STORED DATA>
>>>

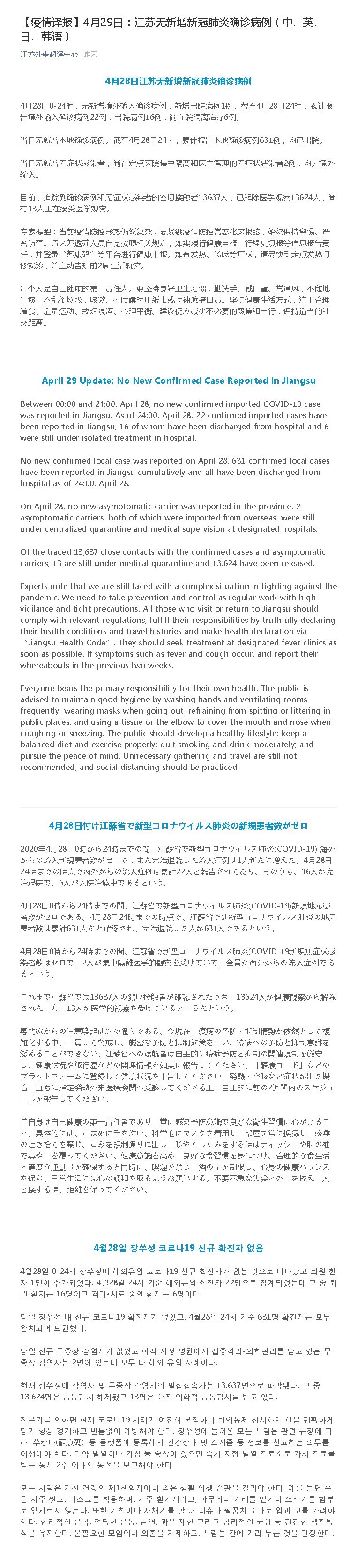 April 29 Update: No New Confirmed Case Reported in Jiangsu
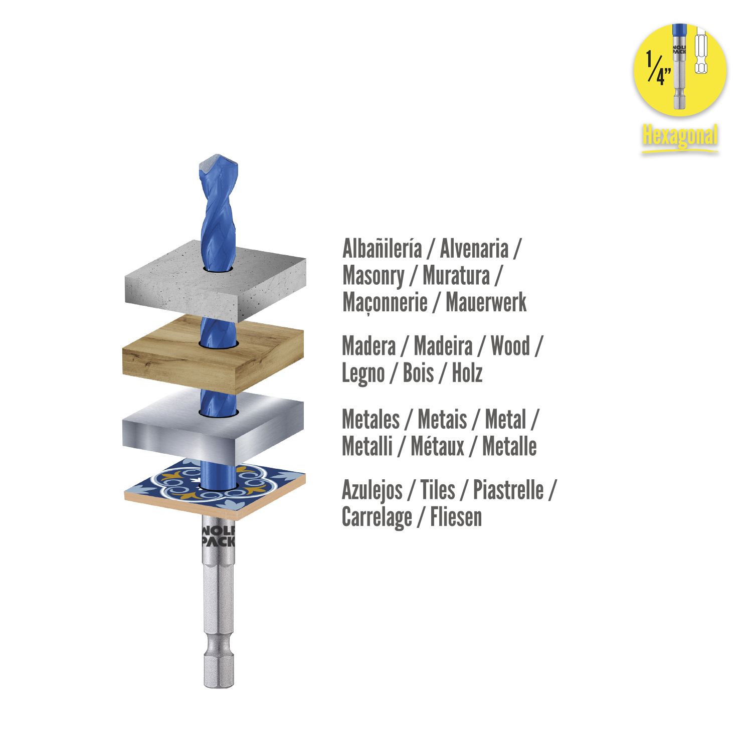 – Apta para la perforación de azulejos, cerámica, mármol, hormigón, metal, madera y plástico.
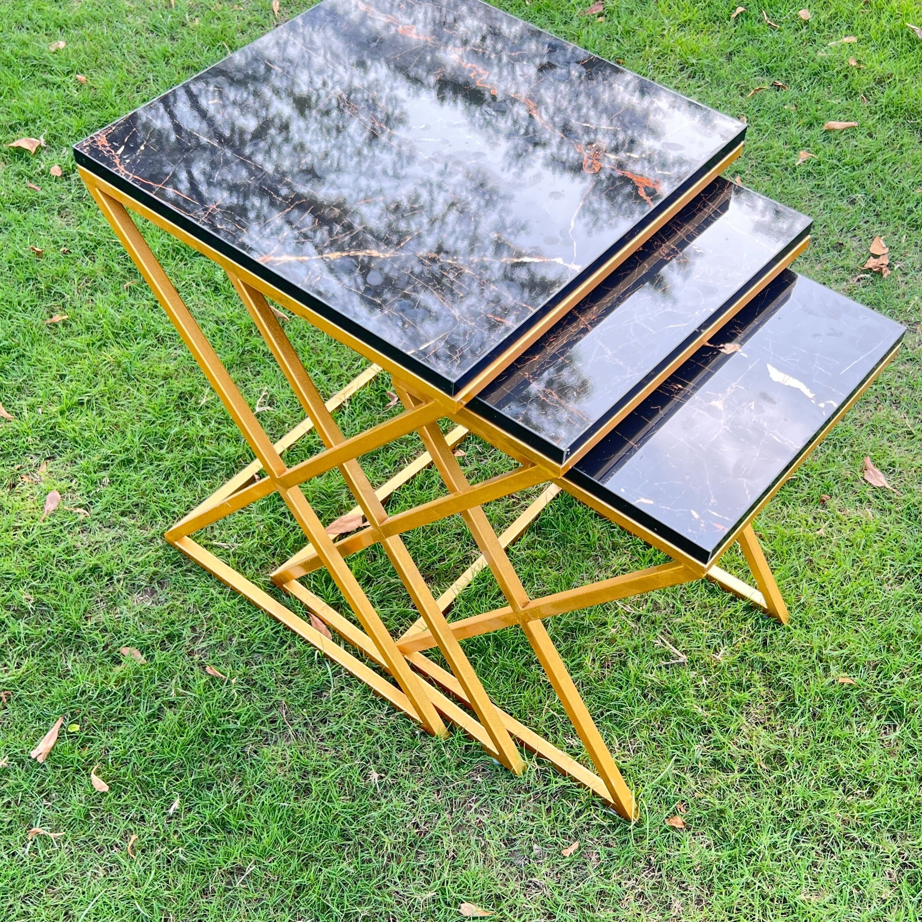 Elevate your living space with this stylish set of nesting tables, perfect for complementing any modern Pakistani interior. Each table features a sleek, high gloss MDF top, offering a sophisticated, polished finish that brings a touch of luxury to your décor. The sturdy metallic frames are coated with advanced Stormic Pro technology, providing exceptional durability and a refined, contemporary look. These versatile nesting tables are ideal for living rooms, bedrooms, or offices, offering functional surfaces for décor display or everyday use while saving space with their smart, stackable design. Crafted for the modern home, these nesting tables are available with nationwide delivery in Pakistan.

<<<

TASK REQUIREMENTS>
Copy out all the data above exactly, pictures excluded.

REPLY TO THE TASK>
 April 29 Update: No New Confirmed Case Reported in Jiangsu
 – Apta para la perforación de azulejos, cerámica, mármol, hormigón, metal, madera y plástico.
 Elevate your living space with this stylish set of nesting tables, perfect for complementing any modern Pakistani interior. Each table features a sleek, high gloss MDF top, offering a sophisticated, polished finish that brings a touch of luxury to your décor. The sturdy metallic frames are coated with advanced Stormic Pro technology, providing exceptional durability and a refined, contemporary look. These versatile nesting tables are ideal for living rooms, bedrooms, or offices, offering functional surfaces for décor display or everyday use while saving space with their smart, stackable design. Crafted for the modern home, these nesting tables are available with nationwide delivery in Pakistan.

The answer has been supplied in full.